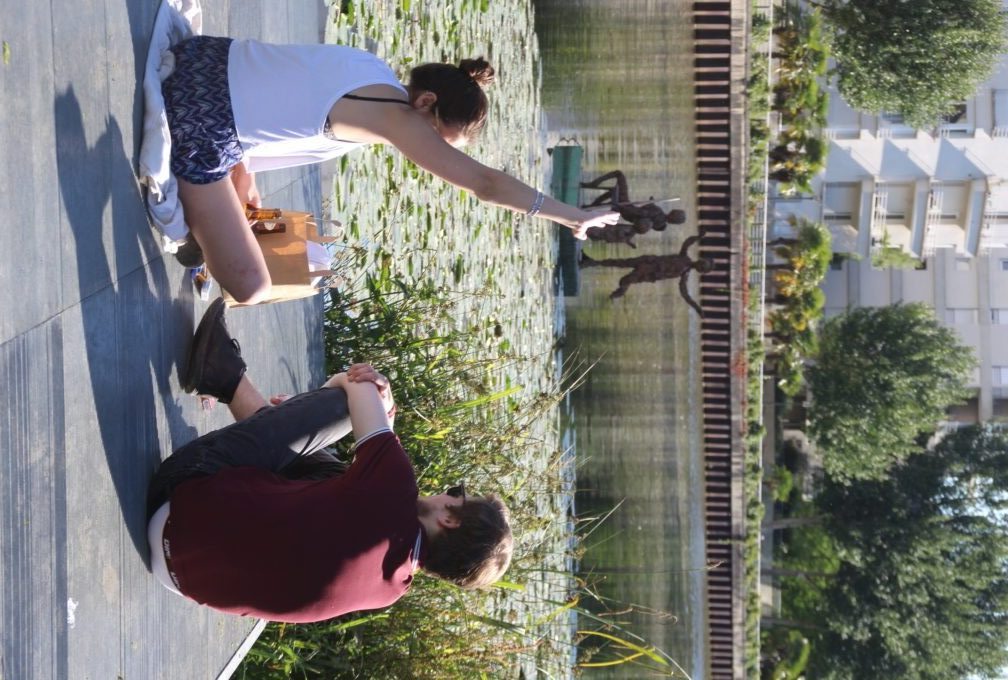 En partant du Jardin de la Confluence, au bout du Mail François Mitterrand à Rennes, les passants commencent à croiser ces… Pheuillus. Certains sont assis et observent ; d’autres jouent ; d’autres encore essaient d’imiter les humains. Il est très rare de voir des Pheuillus se mouvoir en plein jour. Malgré tout, nous avons réussi à saisir le rare moment où un Pheuillu lève le bras pour imiter, répondre ou se moquer gentiment d’une jeune femme assise sur le quai (voir photo). À l’instar des Korrigans, les Pheuillus sont très facétieux !
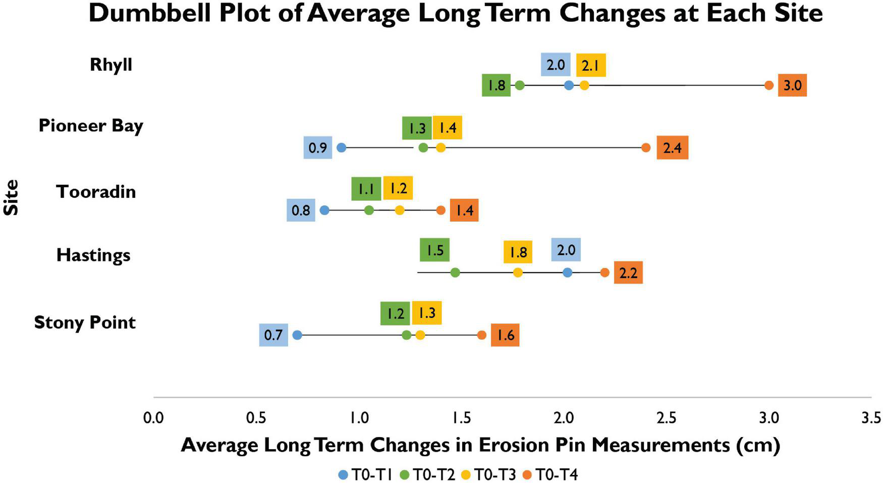 Average site change during measurement period (Figure 4) showed that sites have accreted during every period except during T0-T2, at both Hastings and Rhyll. During T0-T1 average change was 2.0 cm at both Rhyll and Hastings. Reported values at other sites were much lower, with a measured change of 0.9 and 0.7 cm, at Pioneer Bay and Stony Point, respectively. Change at Tooradin was 0.8 cm. However, it should be noted that T0 for Tooradin, is March 2020. During T0-T2 average total change decreased to 1.8 and 1.5 cm, at Rhyll and Hastings, respectively. This shows that during T1-T2 more pins across the two sites recorded erosion, however, the total long-term change was still positive. Accretion was observed at Pioneer Bay with at increase to 1.3 cm, at Tooradin with a total change of 1.1 cm, and an increase to 1.2 cm at Stony Point. Changes during T0-T3 were much more conservative at Pioneer Bay, Tooradin, and Stony Point, with increases to 1.4, 1.2, and 1.3 cm, respectively; compared to a much more substantial jump to 2.1 cm at Rhyll and 1.8 cm Hastings. Between December 2019 and June 2021, Rhyll experienced the largest increase of 3.0 cm, followed by Pioneer Bay with 2.4 cm, Hastings with 2.2 cm, and Stony Point with 1.6 cm. For the period March 2020–June 2021, a change of 1.4 cm was noted at Tooradin.
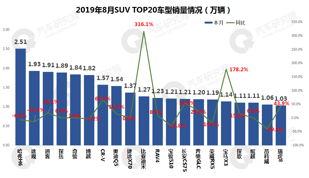 本月销量增长最大的是比亚迪宋,同比增长316.1%。销量下降较大的是昂科威,同比下降39.4%。
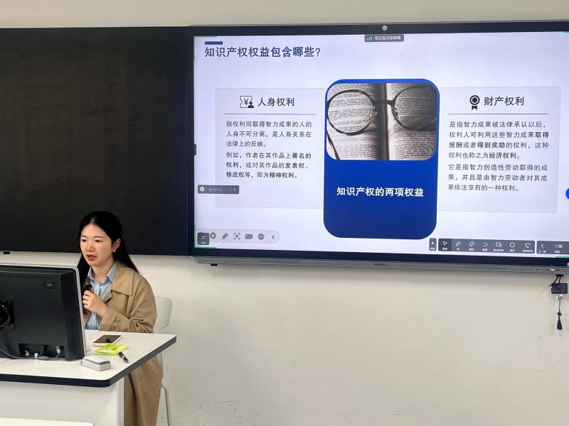 本次讲座内容聚焦知识产权全链条,围绕申报、登记、保护、维权及成果转化等关键环节展开。黄璐结合学生团队开发、在校创作等情况,清晰阐释了各类知识产权的归属判定标准,并着重强调了留存书面协议、聊天记录等证据的法律意义,为防范潜在权属纠纷提供了切实指导。皮历则从实务操作出发,系统梳理了专利权、软件著作权等知识产权申报的具体流程与规范,并针对当前审查新规下的材料准备要点与策略调整提供了专业建议,助力师生高效完成申报。
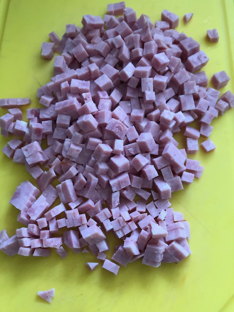 Com uma boa faca, corte em fatias o lombo e o abacaxi.
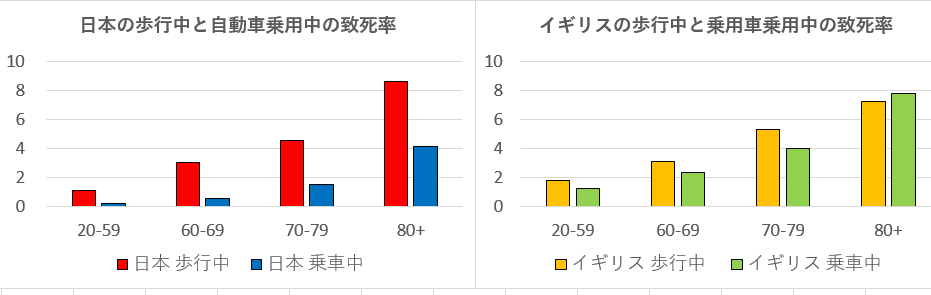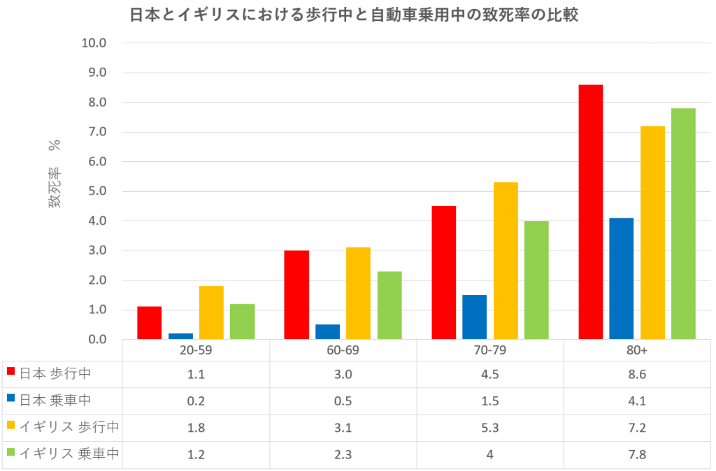 結果は、日本の場合、歩行者の致死率は自動車乗用中の致死率に比べ常に大きく、イギリスの2倍ほど、イギリスでは、いずれの年齢層でも歩行者と乗用車乗用中にそれほど大きな違いは無い。
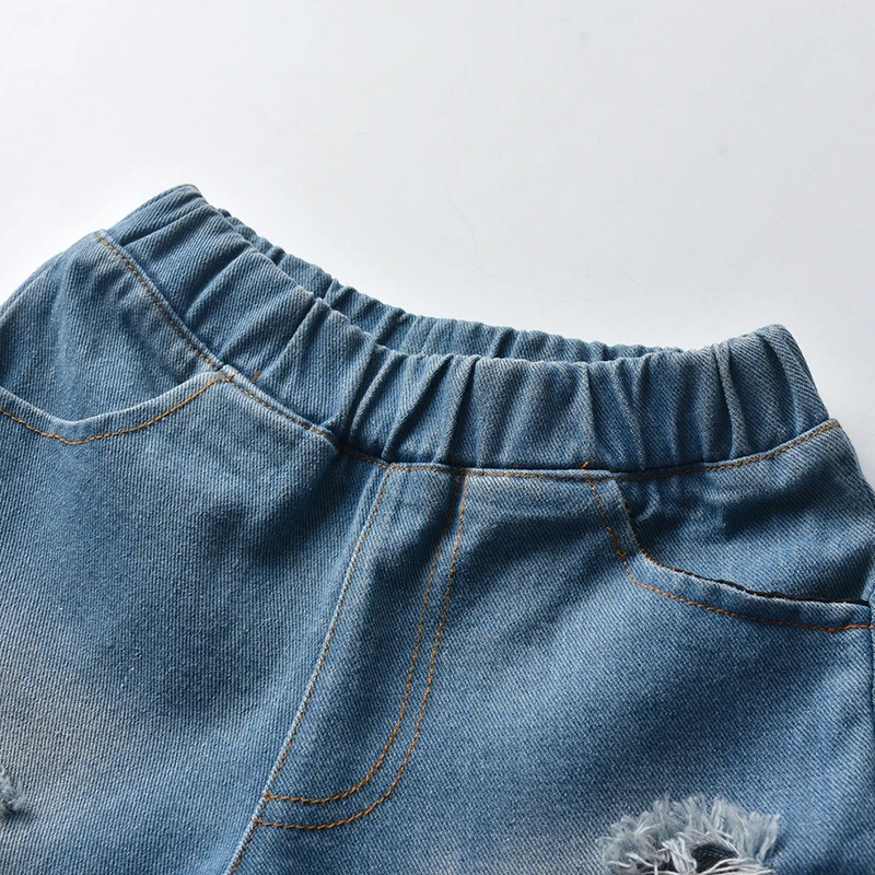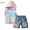 بلوزات و بلوزات الصيف الاطفال الفتيان الملابس مجموعة قصيرة الأكمام مقنعين أكمام التعادل مصبوغ التي شيرت ثقوب شورت جينز فتاة صغيرة الملابس

__________________________________________________

▸ **TRY IT**
All of the material must be given again exactly, though no picture may appear in the copy.

▸ **TASK OUTPUT**
 En partant du Jardin de la Confluence, au bout du Mail François Mitterrand à Rennes, les passants commencent à croiser ces… Pheuillus. Certains sont assis et observent ; d’autres jouent ; d’autres encore essaient d’imiter les humains. Il est très rare de voir des Pheuillus se mouvoir en plein jour. Malgré tout, nous avons réussi à saisir le rare moment où un Pheuillu lève le bras pour imiter, répondre ou se moquer gentiment d’une jeune femme assise sur le quai (voir photo). À l’instar des Korrigans, les Pheuillus sont très facétieux !
 Average site change during measurement period (Figure 4) showed that sites have accreted during every period except during T0-T2, at both Hastings and Rhyll. During T0-T1 average change was 2.0 cm at both Rhyll and Hastings. Reported values at other sites were much lower, with a measured change of 0.9 and 0.7 cm, at Pioneer Bay and Stony Point, respectively. Change at Tooradin was 0.8 cm. However, it should be noted that T0 for Tooradin, is March 2020. During T0-T2 average total change decreased to 1.8 and 1.5 cm, at Rhyll and Hastings, respectively. This shows that during T1-T2 more pins across the two sites recorded erosion, however, the total long-term change was still positive. Accretion was observed at Pioneer Bay with at increase to 1.3 cm, at Tooradin with a total change of 1.1 cm, and an increase to 1.2 cm at Stony Point. Changes during T0-T3 were much more conservative at Pioneer Bay, Tooradin, and Stony Point, with increases to 1.4, 1.2, and 1.3 cm, respectively; compared to a much more substantial jump to 2.1 cm at Rhyll and 1.8 cm Hastings. Between December 2019 and June 2021, Rhyll experienced the largest increase of 3.0 cm, followed by Pioneer Bay with 2.4 cm, Hastings with 2.2 cm, and Stony Point with 1.6 cm. For the period March 2020–June 2021, a change of 1.4 cm was noted at Tooradin.
 本月销量增长最大的是比亚迪宋,同比增长316.1%。销量下降较大的是昂科威,同比下降39.4%。
 本次讲座内容聚焦知识产权全链条,围绕申报、登记、保护、维权及成果转化等关键环节展开。黄璐结合学生团队开发、在校创作等情况,清晰阐释了各类知识产权的归属判定标准,并着重强调了留存书面协议、聊天记录等证据的法律意义,为防范潜在权属纠纷提供了切实指导。皮历则从实务操作出发,系统梳理了专利权、软件著作权等知识产权申报的具体流程与规范,并针对当前审查新规下的材料准备要点与策略调整提供了专业建议,助力师生高效完成申报。
 Com uma boa faca, corte em fatias o lombo e o abacaxi.
 結果は、日本の場合、歩行者の致死率は自動車乗用中の致死率に比べ常に大きく、イギリスの2倍ほど、イギリスでは、いずれの年齢層でも歩行者と乗用車乗用中にそれほど大きな違いは無い。
 بلوزات و بلوزات الصيف الاطفال الفتيان الملابس مجموعة قصيرة الأكمام مقنعين أكمام التعادل مصبوغ التي شيرت ثقوب شورت جينز فتاة صغيرة الملابس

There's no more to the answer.